Matthias Kalle über den

Es geht, natürlich, im Fernsehen wie im Fußball um Erwartungen, darum, wer welche hat, und darum, ob diese Erwartungen erfüllt werden. Wenn nun im Fernsehen Fußball gezeigt wird, dann steigern sich die Erwartungen ins schier Unermessliche, die Erfüllung dieser Erwartungen ist eigentlich unmöglich. Und wenn dann auch noch Harald Schmidt dabei eine Rolle spielt, der Schmidt des Sommers 2005, dann wird aus dem Zuschauer mit all seinen Erwartungen des Wahnsinns fette Beute.

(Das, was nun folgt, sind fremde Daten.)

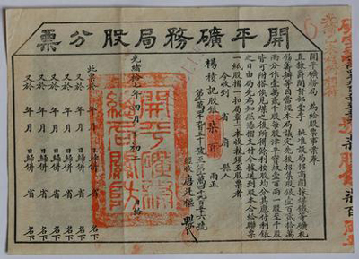 開(kāi)平礦務(wù)局發(fā)行的股票
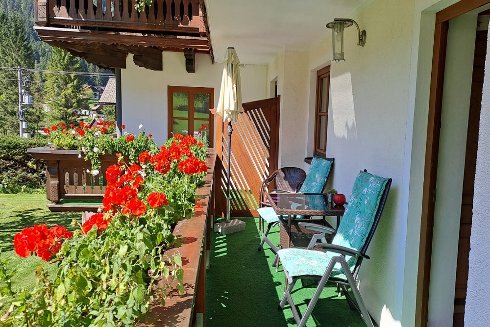Über den Gang gelangen Sie nach draußen auf die Terrasse mit herrlichem Blick auf die Berge und die saftig grünen Wiesen rund um das Haus.

Harald Schmidt also erschien auf dem Bildschirm um viertel nach elf am Samstagabend – nachdem ein wahnsinnig langweiliges Pokalfinale zu Ende ging, nachdem Gerhard Delling und Günter Netzer mit Jürgen Klinsmann geredet hatten, nachdem Franz Beckenbauer – warum auch immer – zwischen Monica Lierhaus und Franziska van Almsick stand. Und als Delling zu Schmidt abgab, der in seinem Kölner Studio an einem typischen SportmoderatorenStehtisch wartete, fragte Schmidt dann auch, wer denn „dieser sympathische ältere Herr zwischen den beiden Supermodels“ war. Um das Endergebnis vorwegzunehmen: das war der stärkste Auftritt Schmidts in der folgenden halben Stunde.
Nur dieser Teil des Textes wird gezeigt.